SOURCE MATERIAL below:

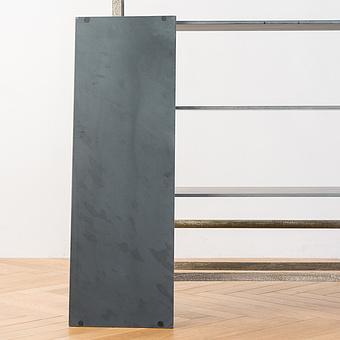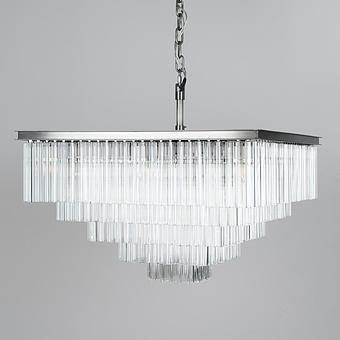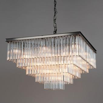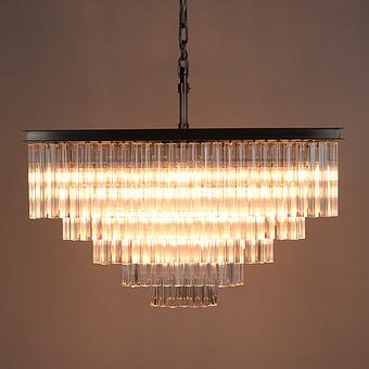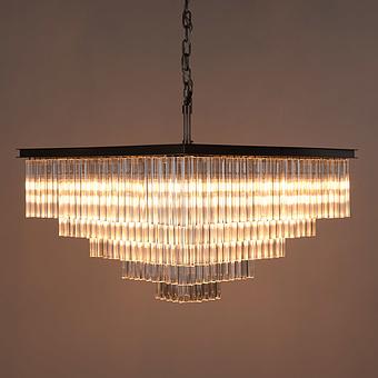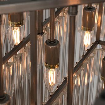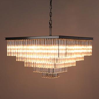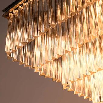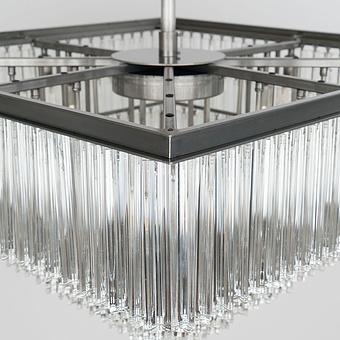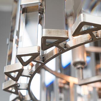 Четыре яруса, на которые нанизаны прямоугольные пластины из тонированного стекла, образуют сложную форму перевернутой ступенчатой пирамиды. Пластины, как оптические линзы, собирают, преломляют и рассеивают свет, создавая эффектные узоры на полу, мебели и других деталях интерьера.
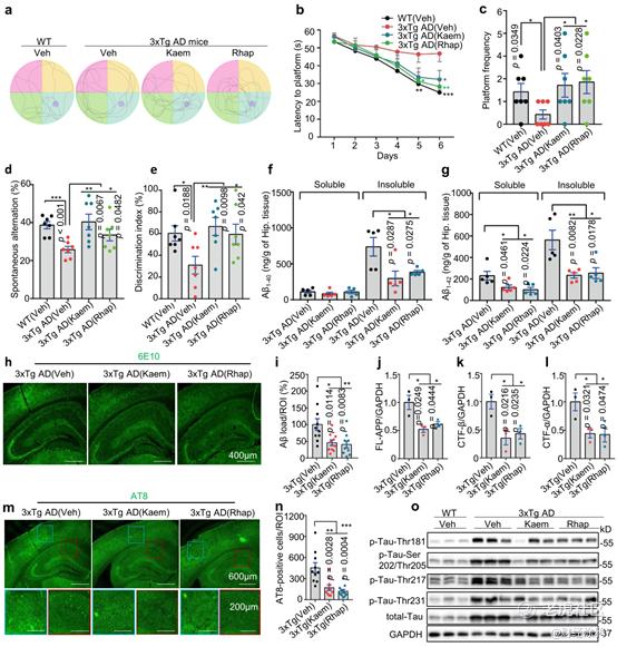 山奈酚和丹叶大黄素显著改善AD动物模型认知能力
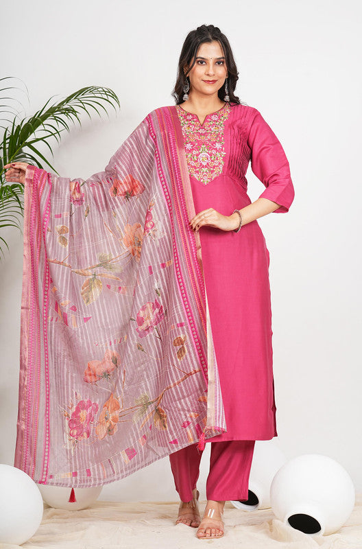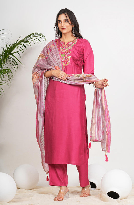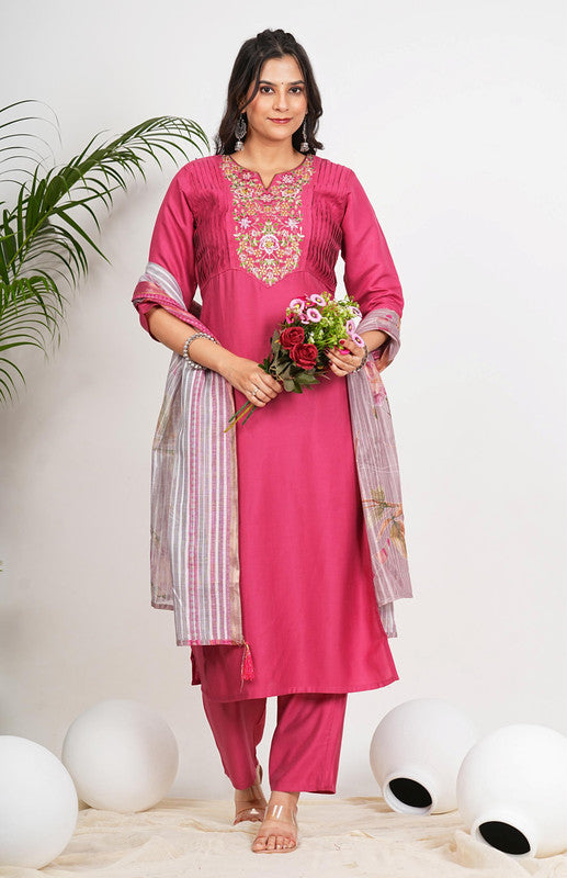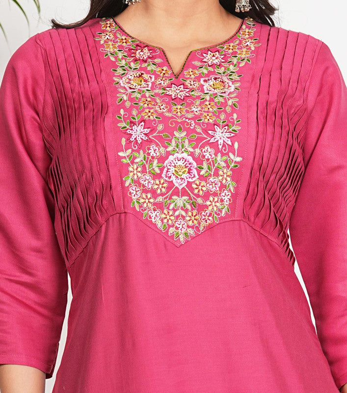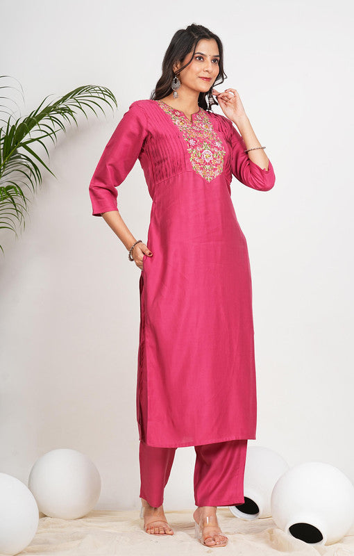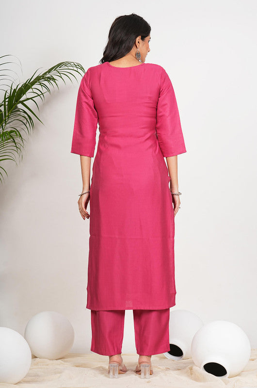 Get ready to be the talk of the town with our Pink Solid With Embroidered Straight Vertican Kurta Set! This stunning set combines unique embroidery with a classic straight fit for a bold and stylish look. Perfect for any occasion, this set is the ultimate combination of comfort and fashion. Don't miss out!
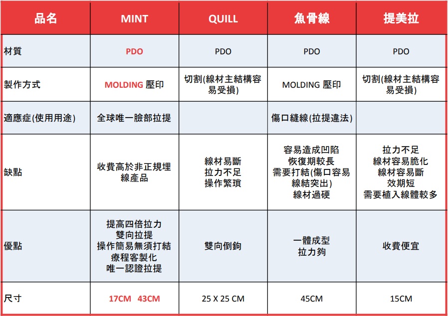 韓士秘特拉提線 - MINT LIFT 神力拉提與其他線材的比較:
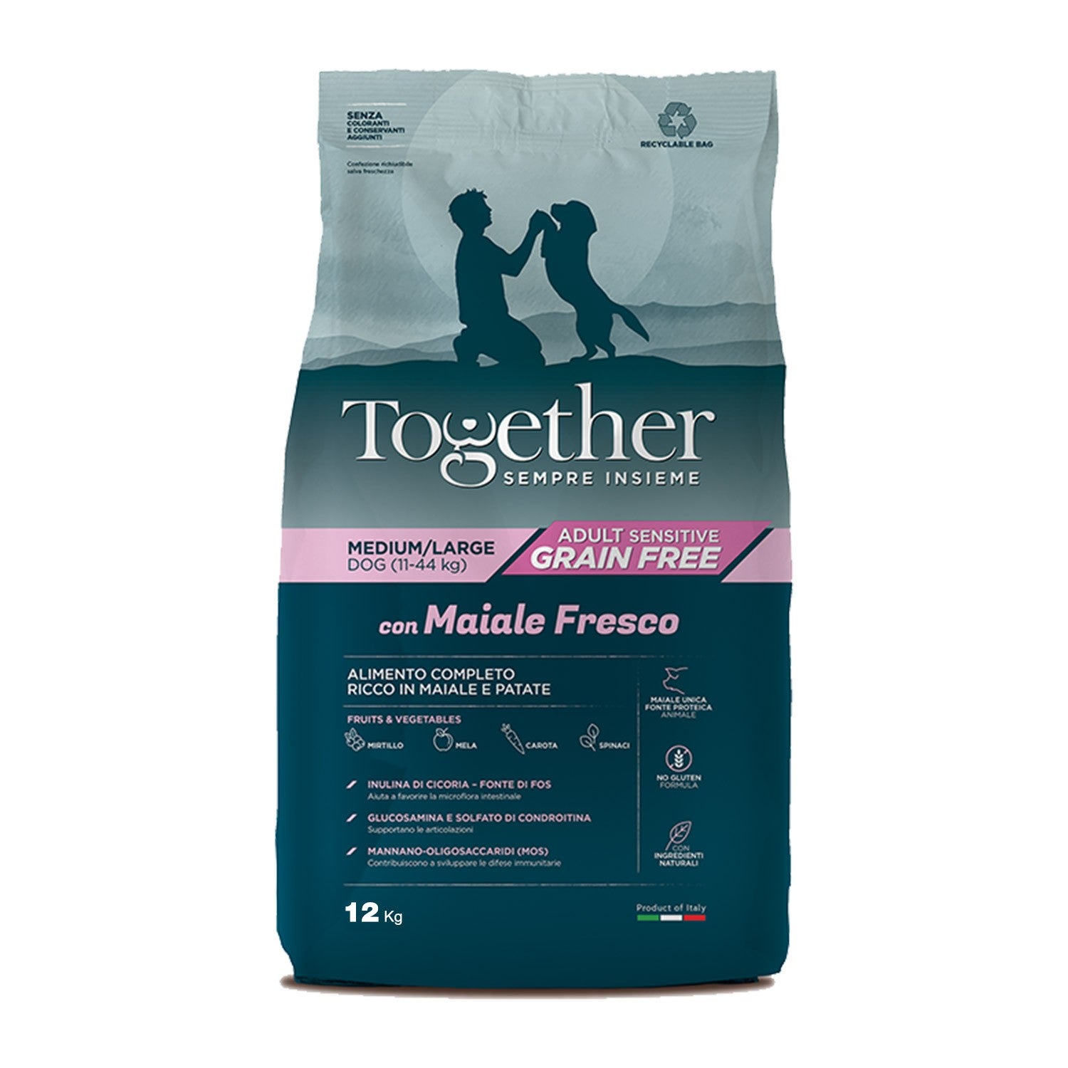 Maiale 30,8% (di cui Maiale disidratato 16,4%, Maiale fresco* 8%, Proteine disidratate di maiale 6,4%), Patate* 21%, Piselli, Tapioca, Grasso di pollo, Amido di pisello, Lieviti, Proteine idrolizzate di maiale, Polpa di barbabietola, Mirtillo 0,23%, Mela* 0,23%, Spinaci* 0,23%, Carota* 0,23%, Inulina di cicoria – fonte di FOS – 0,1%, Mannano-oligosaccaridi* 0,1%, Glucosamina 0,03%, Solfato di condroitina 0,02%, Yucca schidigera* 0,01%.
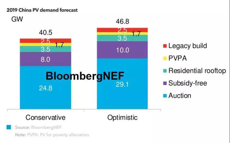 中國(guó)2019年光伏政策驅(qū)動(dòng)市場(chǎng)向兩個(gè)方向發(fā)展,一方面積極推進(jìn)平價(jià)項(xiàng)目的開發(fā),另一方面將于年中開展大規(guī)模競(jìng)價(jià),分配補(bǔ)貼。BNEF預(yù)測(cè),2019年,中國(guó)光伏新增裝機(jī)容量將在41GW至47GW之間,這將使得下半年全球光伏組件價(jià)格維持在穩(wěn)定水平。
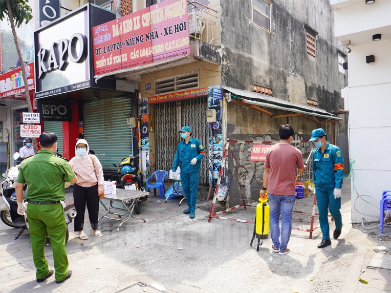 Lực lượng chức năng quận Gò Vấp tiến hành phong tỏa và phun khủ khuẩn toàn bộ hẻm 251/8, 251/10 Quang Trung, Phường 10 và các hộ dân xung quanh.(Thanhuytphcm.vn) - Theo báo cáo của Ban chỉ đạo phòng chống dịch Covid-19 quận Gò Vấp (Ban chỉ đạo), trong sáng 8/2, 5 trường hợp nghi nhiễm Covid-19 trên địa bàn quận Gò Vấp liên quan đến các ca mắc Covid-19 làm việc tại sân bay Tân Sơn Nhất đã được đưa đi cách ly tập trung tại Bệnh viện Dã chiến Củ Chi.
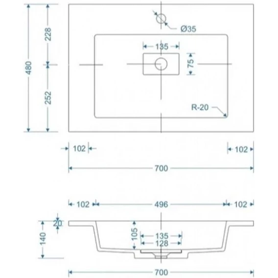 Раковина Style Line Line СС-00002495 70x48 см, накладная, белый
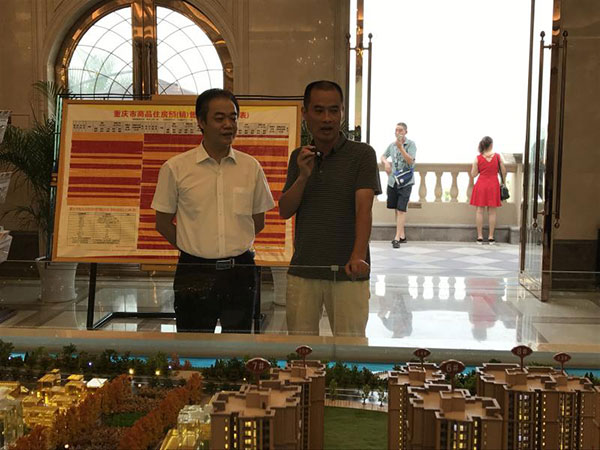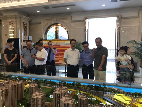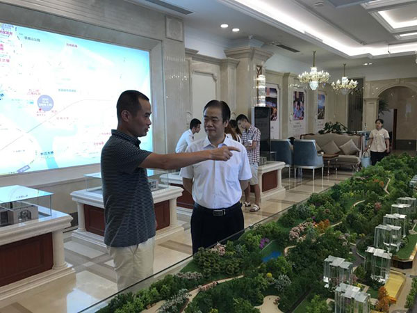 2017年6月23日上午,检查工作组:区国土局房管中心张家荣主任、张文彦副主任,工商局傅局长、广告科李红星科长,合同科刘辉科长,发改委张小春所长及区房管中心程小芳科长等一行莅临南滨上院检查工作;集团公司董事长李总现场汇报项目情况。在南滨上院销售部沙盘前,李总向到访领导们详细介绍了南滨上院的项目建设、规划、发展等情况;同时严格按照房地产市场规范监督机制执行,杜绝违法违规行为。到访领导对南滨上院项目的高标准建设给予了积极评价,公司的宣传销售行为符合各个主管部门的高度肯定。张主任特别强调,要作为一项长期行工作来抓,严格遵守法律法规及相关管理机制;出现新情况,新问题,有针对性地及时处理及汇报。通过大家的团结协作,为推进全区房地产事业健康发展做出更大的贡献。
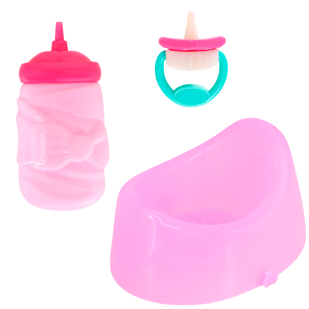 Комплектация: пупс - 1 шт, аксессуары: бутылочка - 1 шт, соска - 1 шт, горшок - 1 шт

End of SOURCE MATERIAL.

### [DIRECTIONS]
Starting at the first line of the records above, set down each line exactly through the one that holds "韓士秘特拉提線 - MINT". Omit pictures.

### [TASK SOLUTION]
 Четыре яруса, на которые нанизаны прямоугольные пластины из тонированного стекла, образуют сложную форму перевернутой ступенчатой пирамиды. Пластины, как оптические линзы, собирают, преломляют и рассеивают свет, создавая эффектные узоры на полу, мебели и других деталях интерьера.
 山奈酚和丹叶大黄素显著改善AD动物模型认知能力
 Get ready to be the talk of the town with our Pink Solid With Embroidered Straight Vertican Kurta Set! This stunning set combines unique embroidery with a classic straight fit for a bold and stylish look. Perfect for any occasion, this set is the ultimate combination of comfort and fashion. Don't miss out!
 韓士秘特拉提線 - MINT LIFT 神力拉提與其他線材的比較:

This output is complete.